S&P Global said its flash U.S. Composite PMI index, which tracks manufacturing and service sectors, fell to a reading of 50.4 in August from 52 in July, the biggest drop since November 2022. While August’s reading was the seventh straight month of growth, it was only fractionally above the 50 level separating expansion and contraction as demand weakened for both manufactured goods and services.
For months, a strong labor market and resilient consumer spending has increasingly assuaged fears of recession, and led to upward revisions of GDP growth forecasts. But Wednesday’s data painted a more tepid picture about the economy.
Service sector business activity growth was the slowest since February at 51.0 in August, and the Manufacturing PMI fell deeper into contraction territory at 47.0 down from 49.0 in July, the fourth straight month of contraction.
Wednesday’s data was worse than expected, with economists polled by Reuters predicting that the services index would be 52.2 and the manufacturing index would be 49.3.

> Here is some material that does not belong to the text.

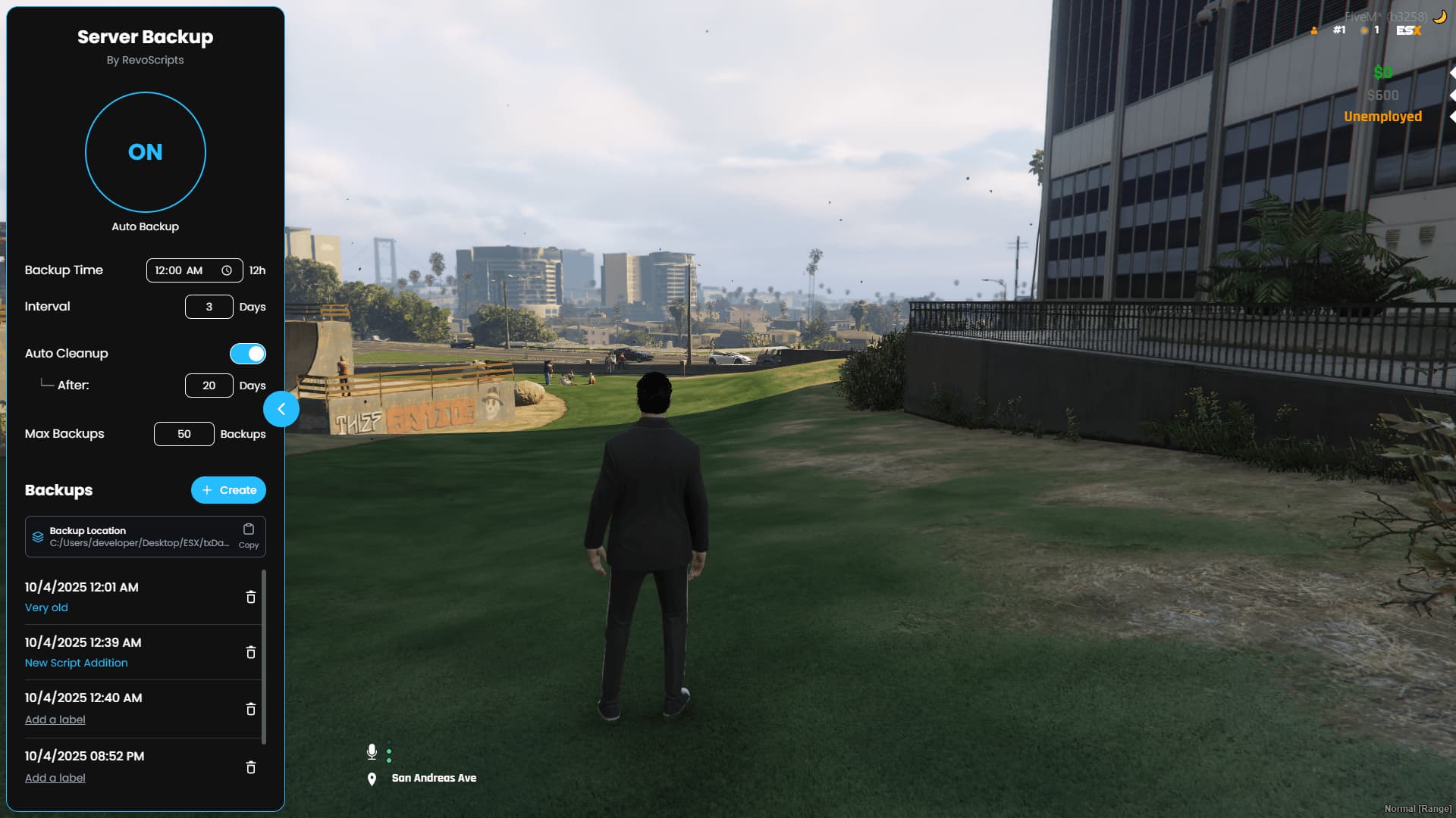 Regarding full server file backups: our original idea did include server files (resources, configs, etc.), but unfortunately FiveM doesn’t allow scripts to access or read files outside their own (root) folder, so it’s technically impossible due to platform restrictions.
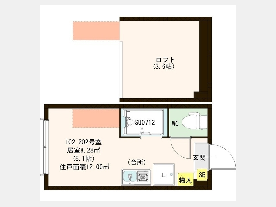 洋室 5.1 畳 ロフト3.6帖 |

“A near-stalling of business activity in August raises doubts over the strength of U.S. economic growth in the third quarter. The survey shows that the service sector-led acceleration of growth in the second quarter has faded, accompanied by a further fall in factory output,” said Chris Williamson, chief business economist at S&P Global Market Intelligence.
Consumer demand posed a substantial drag on revenue for firms, as new business and orders contracted for firms across all sectors. New business in the service sector declined for the first time in six months, falling to 49.2 from 51.0 the month prior.
Both manufacturing and service sector businesses tamed price hikes in order to attract more customers and slowed headcount growth to compensate for resurgent input costs.
Wednesday’s cool reading may be viewed positively by the Fed, which is keen to see activity cool to lower inflation.